Testing babies for Zika
India continues to have a alarmingly unhurried response to the detection of Zika infections in the country. Three cases of Zika were detected in Ahmedabad earlier this year and reported to the World Health Organisation after a four-month delay. Now, The Hindu reports, that health authorities are beginning to test possible links between microcephaly cases in the country and Zika infections.
India’s health ministry received reports of 260 cases of microcephaly, a congenital defect where a baby’s head is small and underdeveloped, in India since February 2016 when it started tracking such cases. The WHO had declared Zika a Public Health Emergency of International Concern because in Brazil and other South American countries many children with microcephaly were born to women who had been infected with Zika. Zika cases were also reported in Singapore and parts of south east Asia. However, health authorities in India only conducted the first test for Zika in a child with microcephaly on Tuesday. The infant in Delhi who has severe microcephaly tested negative for Zika.
Health ministry officials told the newspaper that they have not tested microcephaly cases for Zika till this week because of a shortage of laboratory capacity. The government had set up surveillance at 55 centres in the country in February 2016.
“We could not check any of the cases for link with Zika because the programme had not evolved to that point,” Dr Ajay Khera, deputy commissioner for child health told The Hindu. The health ministry plans to d such testing of children with microcephlay from now.

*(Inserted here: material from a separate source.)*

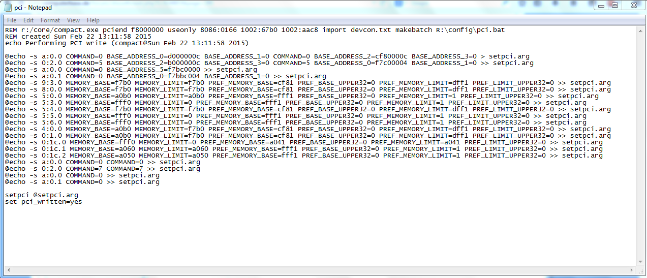 So the workaround is to change the 20 to be D0 and let Win7 have it's way. This can be done by adding two additional lines between your 'call pci' and 'call grub4dos' to override compact's allocation. This setting will override any further re-runs of compaction as well.

More than 1,24,000 cases, 920 cholera deaths in Yemen
War-torn Yemen is now being ravaged by cholera. The United Nations Childrens’ Fund or UNICEF says that more than 1,24,000 cases of cholera have been recorded, of which half are children. At least 923 people have died from the infection since April. About a quarter of these deaths are of children.
Meanwhile, global charity organisation Save The Children has reported that the rate of cholera infection has tripled in the past two weeks and a child is now infected with cholera every 35 seconds.
Health and aid workers in the country fear that the cholera outbreak will overwhelm health infrastructure that has already been battered by two years of war. They are reporting that medicines and intravenous fluids necessary to treat cholera are quickly running out. UNICEF estimates that the number of cholera cases could rise to 2,50,000 in the next six months.
The UNICEF representative in Yemen Dr Meritxell Relaño told The Guardian that the cholera epidemic has come on top of a crisis in public services, which has crippled health, water and sanitation systems. The system was already debilitated by rising poverty and malnutrition reaching its peak. Diarrhoea brought on by cholera infections has had severe effects on children who are already very weak and whose immune systems have been compromised.
Fixed treatment rates in Karnataka
The Karnataka government on Tuesday tabled a bill to amend the Karnataka Private Medical Establishments Act 2007 to allow the state government to fix the amount of money that private hospital can charge for each class of treatment, The Mint reported. Hospitals that charge more than the prescribed amount will attract a maximum penalty of up to Rs 5 lakh.
Karnataka’s Health and Family Welfare Minister Ramesh Kumar tabled the amendment which includes rates fixed for clinical investigation packages, bed charges, operation theatre procedures, intensive care, ventilation, implants, and consultations. These tests, the amendment states, shall not attract charges above those fixed by the government, unless these additional charges are explained to the the patient and he consents to them.
The new clauses have been added to ensure that private hospitals do not demand advance payments in case of emergency treatment. In case of death, the bill states, private medical establishments shall hand the body over to the family without insisting on the payment of the dues, which can be collected eventually.